Heh. Actually, I’m American, in the US. I just think the US date format is stupid. It should have some sense of order. Largest to smallest? Makes sense. Smallest to largest? We used to do that! As in “On this, the 10th day of November, in the year of our lord two thousand and sixteen…” Why’d we change that! It made sense! But, no… We switched to this silly middle, smallest, largest format.
Anyway, I’m trying to be a re-trend-setter and apply a little logic to the things we Americans do.
Join the military. They do it correctly. I usually write 10 November 2016, but lots of the spaces on paperwork are either too small or formatted as “mm/dd/yy”. Generally, I can’t put it in those the way that I’d like.

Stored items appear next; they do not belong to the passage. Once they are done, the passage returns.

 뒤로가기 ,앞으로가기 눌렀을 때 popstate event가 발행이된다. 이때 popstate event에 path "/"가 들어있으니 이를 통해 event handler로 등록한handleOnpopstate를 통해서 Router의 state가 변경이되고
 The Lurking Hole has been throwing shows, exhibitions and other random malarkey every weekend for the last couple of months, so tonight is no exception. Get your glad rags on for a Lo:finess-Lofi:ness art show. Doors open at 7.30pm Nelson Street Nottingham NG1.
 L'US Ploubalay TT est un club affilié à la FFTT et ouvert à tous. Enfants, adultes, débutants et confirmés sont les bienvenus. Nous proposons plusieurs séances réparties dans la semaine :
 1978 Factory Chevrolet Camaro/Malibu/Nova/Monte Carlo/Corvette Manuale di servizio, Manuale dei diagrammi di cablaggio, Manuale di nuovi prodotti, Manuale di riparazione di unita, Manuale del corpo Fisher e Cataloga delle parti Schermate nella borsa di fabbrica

@jdodds I seem to remember that they’ll all get shipped at the same time, but some pro functionality may still be in development initially.

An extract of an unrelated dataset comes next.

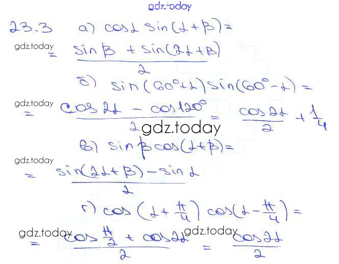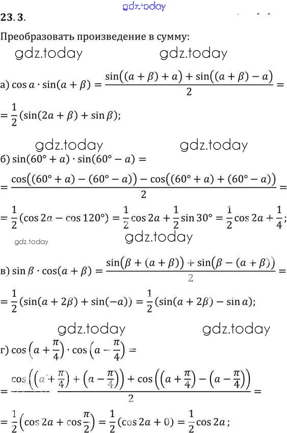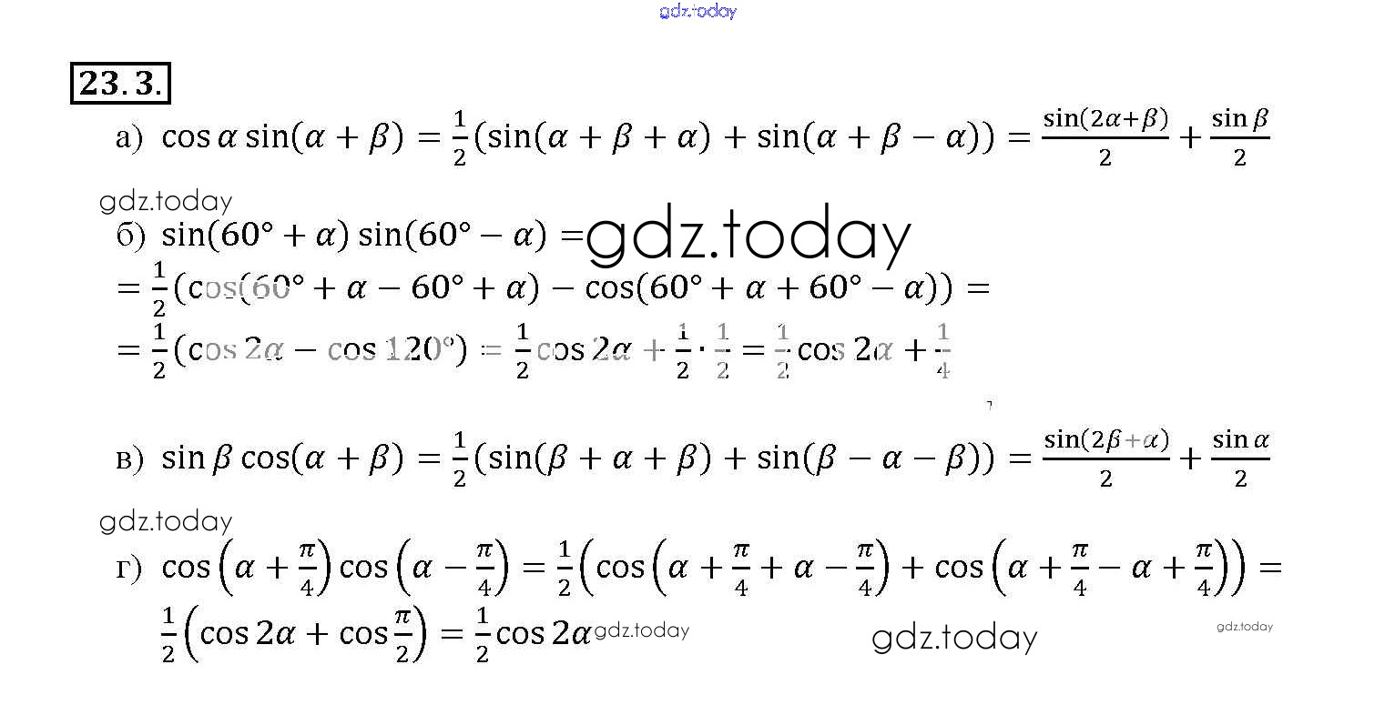 Ответы к §23. Преобразование произведений тригонометрических функций в суммы Глава 4 23. 3 Задачнику по Алгебре для 10-11 класса Мордкович, Денищева Базовый уровень Мнемозина 2015

Me, too. And up until recently I used that. I was trying out the numerical version this year. I find it confuses too many people though. So I think I’ll switch back on 01-Jan-2017.
I remember that too. Still though, I have not seen any sign of one beyond the photo of a prototype passthrough slot lying on a desk. Remember, glass half empty!

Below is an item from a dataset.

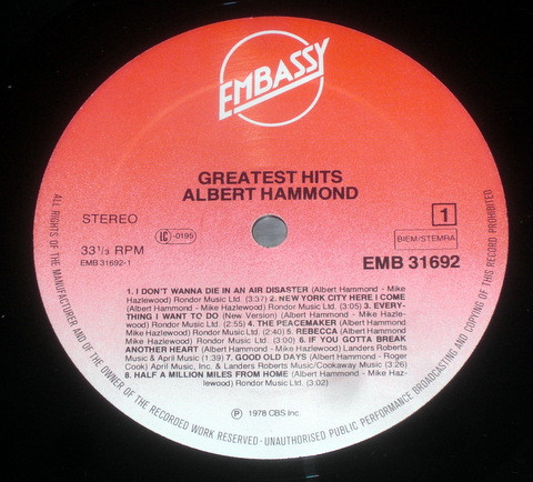 Albert Hammond – Greatest Hits (LP, Comp)

I usually have to do documents for USA and Latin America customers where some times both have to read it so I found the same 10Nov2016 works for everybody
Aka, realist. I’ve just resigned myself to the idea that there is a lot of wiggle room in official GF statements and announcements and consequently wide latitude for the reader to interpret or believe whatever they like.
Meaning there is hope and is probable that they will send Pros and Basic the same time, but even if this happens the pro features will not be able until later.
I’m (was pre retirement anyway) an accountant. When a project engineer would drop by my office, show me scads of pictures and talked all about the great windows installed in a new commercial building we were putting up, but said nothing about the roof nor had any pictures of it, I knew the roof wasn’t done yet. So you see, that’s how I became known as the glass half empty guy.